# Sleeping Bear park seeks public input



## Hamilton Reef (Jan 20, 2000)

Sleeping Bear park seeks public input 

http://www.record-eagle.com/2006/feb/10park.htm

February 10, 2006 

EMPIRE - The National Park Service will sponsor three upcoming open houses to provide information and collect comments about plans for Sleeping Bear Dunes National Lakeshore. 
The forums, all scheduled for 3 to 7 p.m., will be held Feb. 14 at Sleeping Bear Dunes National Lakeshore Visitor Center in Empire, on Feb. 15 at Traverse Area District Library and on Feb. 16 at Benzonia Township Hall. 
Topics will include natural and cultural resources, visitor use and wilderness. People can submit their comments at the open houses, in writing or online at www.nps.gov/slbe. Comments should be submitted by March 17.


----------



## toto (Feb 16, 2000)

Is this still going on? I thought they pretty much knew already where the area residents stood on this issue?! Leave it the way it is, at least that was my vote when I lived up there, and I still feel that way.


----------



## Bucktail Butch (Jan 5, 2003)

Hi Bill,
Hope all is well in Florida. 
Well, the more things change, the more they stay the same. The Feds have to have a twenty year Management Plan and as you know they got spanked pretty hard with their last bright idea so they have to try again. Looks to me like they're hoping we've forgotten or at least hope we figure they wouldn't dare try the same tactics again.
They sent out questionaires to everyone on their mailing list from the last go around asking what we would like to see included or excluded in the soon to be announced Management Plan (politically correct?). Dates are set for the first series of public meetings for this week around the area. The same people and organizations that fought them before will be "watchdogging" and keeping them honest through this process 
They located motion sensor cameras at strategic points and moved them periodically so that they checked, I believe, some 300 different locations in hopes of proving the existance the elusive cougar and guess what? All they filmed were coyotes, fox, bobcats, *****, deer and all the other critters we've known all along were there. (God, I'd give a bunch if they would have snapped a shot or two of Bigfoot, but no cougars.) Well, they can't use that excuse for the "Wilderness Designation" anymore. 
They have admitted that they can't close county roads, which most of the two tracks are, since they fall under the jurisdiction of the local county road commissions. Remember how Bob Weaver "explained" that to them the last time, just before he stormed out of the meeting and put up the green signs the next day? That helps limit the size of the inclusive areas that they can "wilderness-ize".
We don't know yet what they have up their sleeves, but you can bet the rent that they'll try something underhanded. They have proven to us that they couldn't be trusted or believed in the past and I see no reason for us to drop our guard now. I'm sure you'll be able to follow the procedings and results on this site.
Tell the wife that Linda and I said hello and we miss her at Charlie's office.
Good fishin',
Butch Thompson


----------



## Hamilton Reef (Jan 20, 2000)

During the public hearings I always like to see the public remind the Feds and DNR how the public was lied to and trapping was banned right after the Feds got the land.


----------



## Linda G. (Mar 28, 2002)

Good to hear from both of you, Toto and Bucktail!! How's the fishing in Ft. Myers, Toto? I envy you... 

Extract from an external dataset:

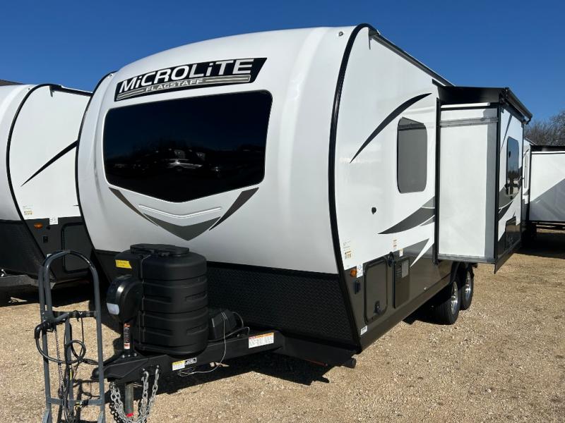 With any Flagstaff Micro Lite travel trailer by Forest River you will enjoy lightweight towing, durable construction, and added interior comforts to make each trip memorable! Each model features a torsion axle, Rubber-Ryde suspension, nitrogen filled, Goodyear Endurance tires, and easy lube axles with Nev-R-Adjust brakes for smooth towing from home to campground. The 6-sided aluminum framed construction provides a strong foundation so you can enjoy your RV for years to come, plus electronically controlled heated holding tanks and an enclosed underbelly will let you camp all year long. Head inside to find hybrid woven flooring in the slide outs, Sedona wood cabinetry, solid surface kitchen countertops, and many more amenities. These travel trailers also include exterior conveniences for hassle-free camping, like the power tongue jack, magnetic compartment door catches, Keyed Alike locks, and rear ladder to name a few!

Anyway, based on rumblings I'm getting of late from the NPS and Sleeping Bear specifically, there may be hope for a realistic future for the Lakeshore...the new ranger there seems to be a mature, sensible human being who has publicly questioned whether the federal Management Plan is even a feasible consideration in Sleeping Bear and other small, populated parks...and Dusty Schultz appears to have taken a complete back seat...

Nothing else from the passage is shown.